- _Problem requirements_
Starting with the line that contains "Role models caught", give again exactly and only each line through the end of the records; include the last line and exclude pictures.

##### Available data #####

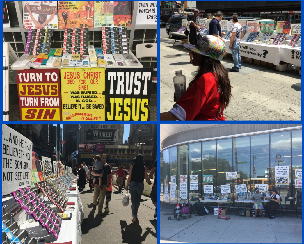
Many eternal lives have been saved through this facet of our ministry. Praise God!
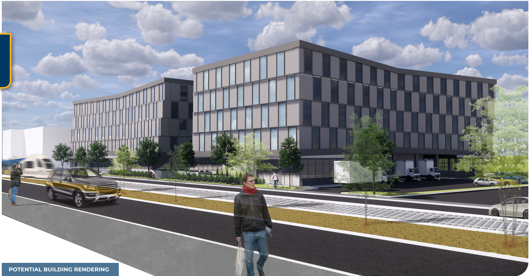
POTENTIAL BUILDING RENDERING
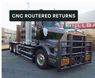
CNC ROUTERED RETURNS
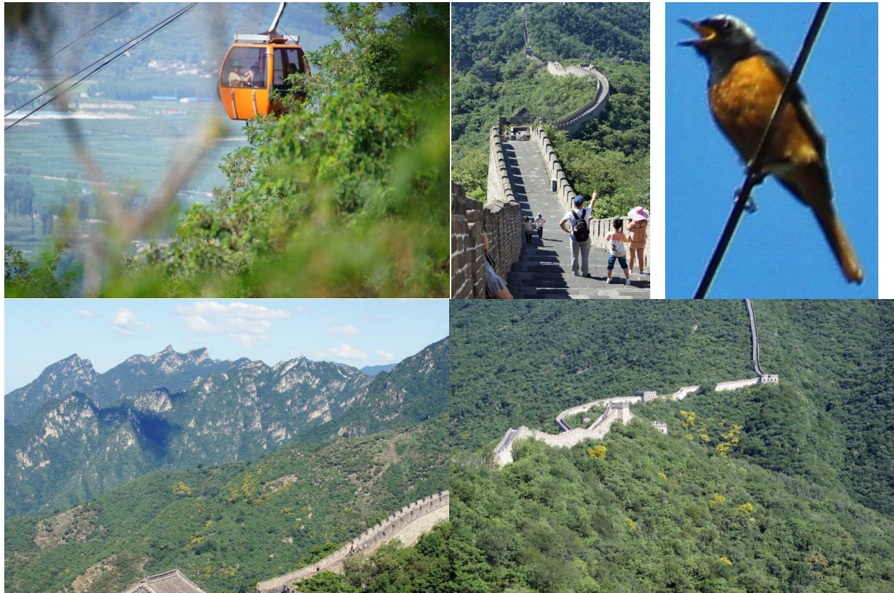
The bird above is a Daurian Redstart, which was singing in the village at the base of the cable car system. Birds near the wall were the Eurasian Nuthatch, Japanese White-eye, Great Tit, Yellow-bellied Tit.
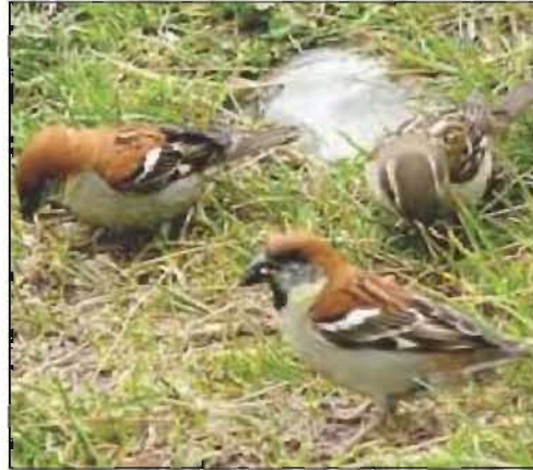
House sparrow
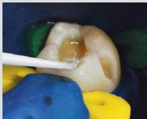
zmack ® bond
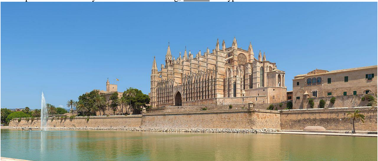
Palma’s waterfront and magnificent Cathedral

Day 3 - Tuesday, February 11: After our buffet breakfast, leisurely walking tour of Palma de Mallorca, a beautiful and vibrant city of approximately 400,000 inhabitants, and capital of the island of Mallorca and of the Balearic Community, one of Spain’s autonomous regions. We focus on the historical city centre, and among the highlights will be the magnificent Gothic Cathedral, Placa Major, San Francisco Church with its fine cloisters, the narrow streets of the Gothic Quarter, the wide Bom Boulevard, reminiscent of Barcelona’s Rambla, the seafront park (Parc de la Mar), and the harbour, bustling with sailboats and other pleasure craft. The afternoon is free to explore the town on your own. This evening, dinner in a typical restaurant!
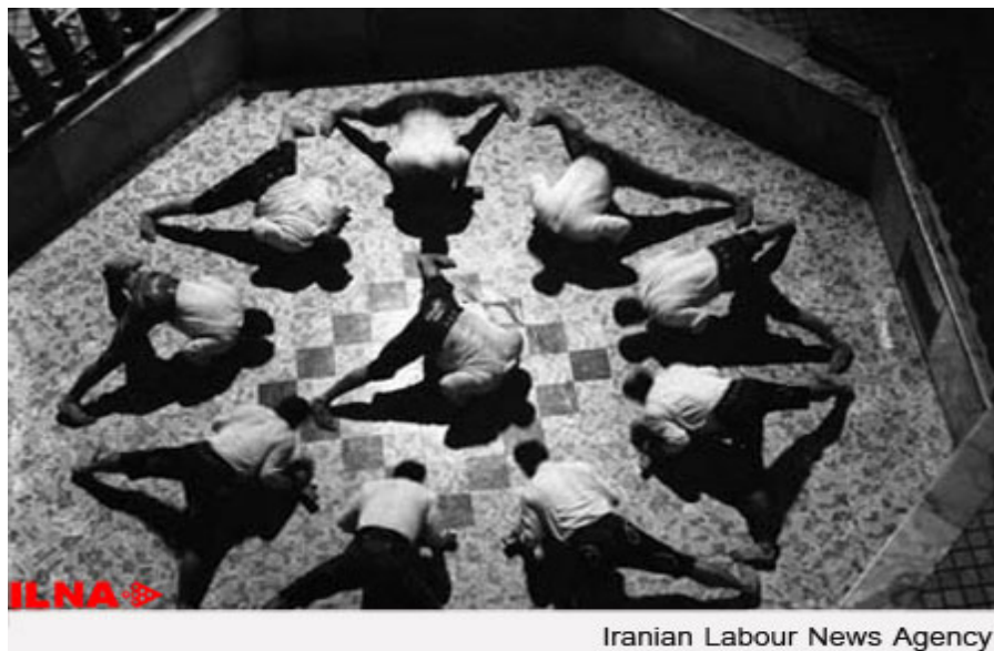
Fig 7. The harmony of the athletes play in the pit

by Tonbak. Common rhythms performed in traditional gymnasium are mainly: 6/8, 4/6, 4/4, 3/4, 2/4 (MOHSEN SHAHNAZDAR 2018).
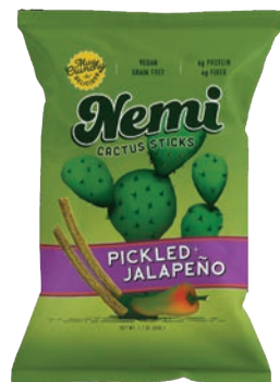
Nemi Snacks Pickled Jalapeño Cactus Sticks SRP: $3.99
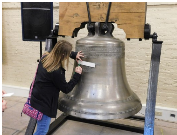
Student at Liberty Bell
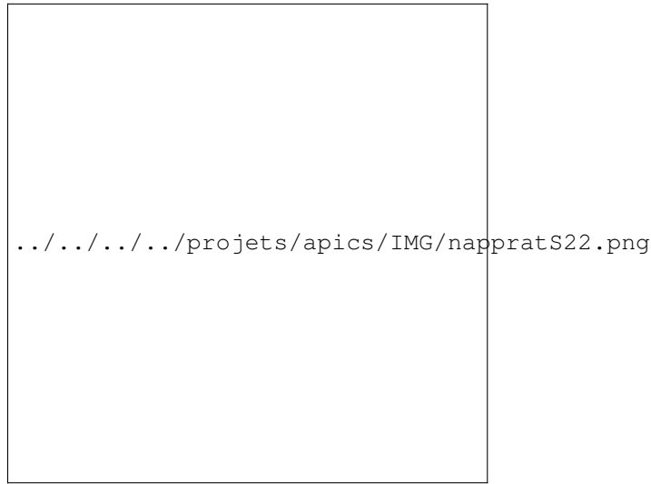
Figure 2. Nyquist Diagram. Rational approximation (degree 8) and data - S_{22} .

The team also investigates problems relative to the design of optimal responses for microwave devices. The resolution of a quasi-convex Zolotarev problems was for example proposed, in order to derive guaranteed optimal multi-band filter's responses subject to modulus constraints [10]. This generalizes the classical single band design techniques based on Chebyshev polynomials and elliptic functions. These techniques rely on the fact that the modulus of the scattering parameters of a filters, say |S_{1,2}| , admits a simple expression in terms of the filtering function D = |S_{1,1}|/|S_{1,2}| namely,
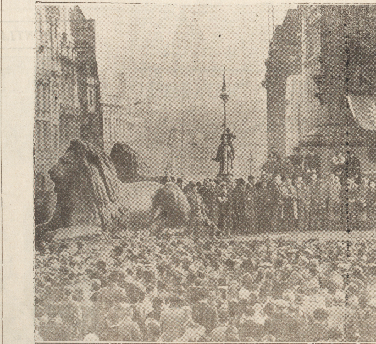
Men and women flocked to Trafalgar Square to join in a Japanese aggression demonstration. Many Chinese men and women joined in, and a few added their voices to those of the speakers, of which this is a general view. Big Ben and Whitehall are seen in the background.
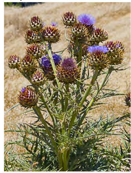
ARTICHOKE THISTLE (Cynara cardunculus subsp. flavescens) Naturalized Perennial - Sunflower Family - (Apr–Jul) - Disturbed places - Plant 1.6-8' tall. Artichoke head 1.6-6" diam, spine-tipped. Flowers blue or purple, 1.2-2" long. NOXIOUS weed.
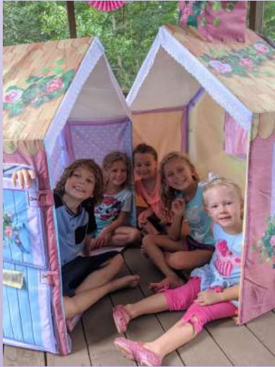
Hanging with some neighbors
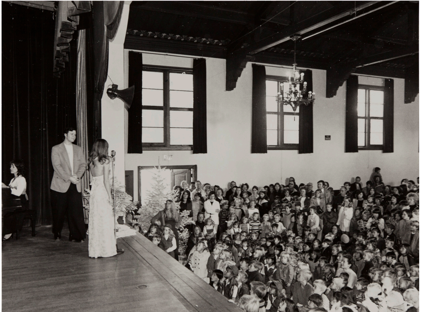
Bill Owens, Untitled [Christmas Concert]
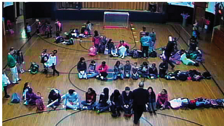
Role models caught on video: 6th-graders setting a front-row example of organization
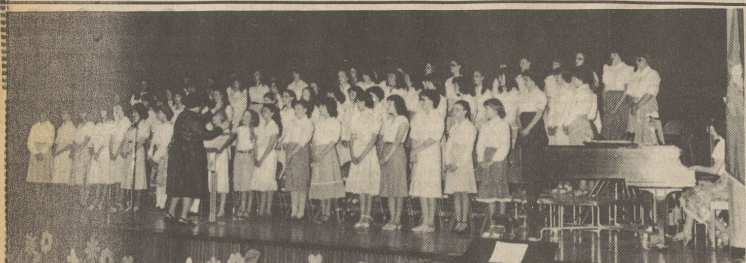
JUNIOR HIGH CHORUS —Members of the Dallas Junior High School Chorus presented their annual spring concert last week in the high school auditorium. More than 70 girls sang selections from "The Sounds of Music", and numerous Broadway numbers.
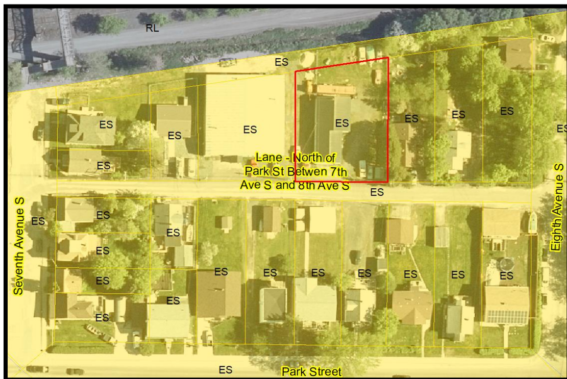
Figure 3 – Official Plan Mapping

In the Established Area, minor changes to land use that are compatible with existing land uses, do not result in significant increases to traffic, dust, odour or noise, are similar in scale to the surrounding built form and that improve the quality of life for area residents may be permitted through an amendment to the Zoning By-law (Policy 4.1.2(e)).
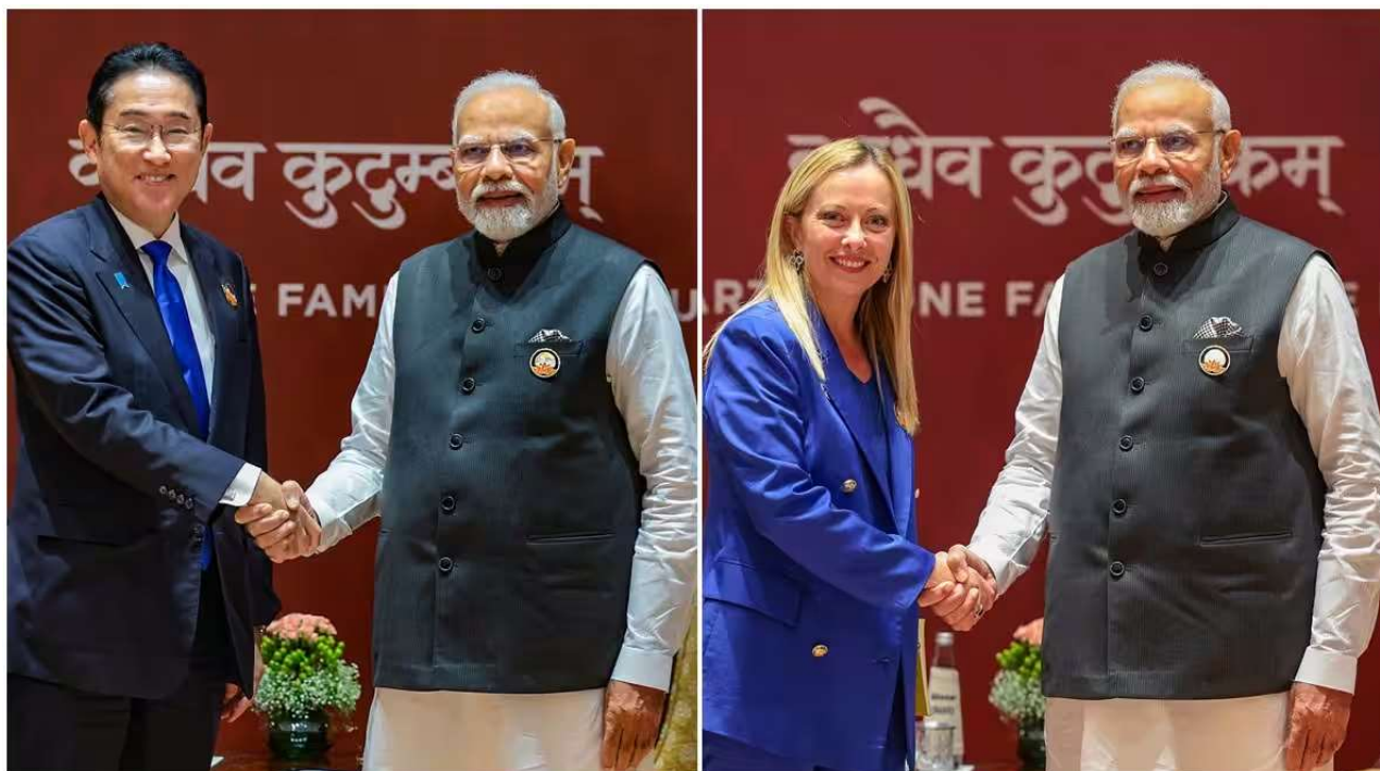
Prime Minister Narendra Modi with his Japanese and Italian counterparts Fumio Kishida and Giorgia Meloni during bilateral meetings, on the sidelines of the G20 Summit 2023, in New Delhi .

#####

- _Output for this exercise_
Role models caught on video: 6th-graders setting a front-row example of organization
JUNIOR HIGH CHORUS —Members of the Dallas Junior High School Chorus presented their annual spring concert last week in the high school auditorium. More than 70 girls sang selections from "The Sounds of Music", and numerous Broadway numbers.
Figure 3 – Official Plan Mapping

In the Established Area, minor changes to land use that are compatible with existing land uses, do not result in significant increases to traffic, dust, odour or noise, are similar in scale to the surrounding built form and that improve the quality of life for area residents may be permitted through an amendment to the Zoning By-law (Policy 4.1.2(e)).
Prime Minister Narendra Modi with his Japanese and Italian counterparts Fumio Kishida and Giorgia Meloni during bilateral meetings, on the sidelines of the G20 Summit 2023, in New Delhi .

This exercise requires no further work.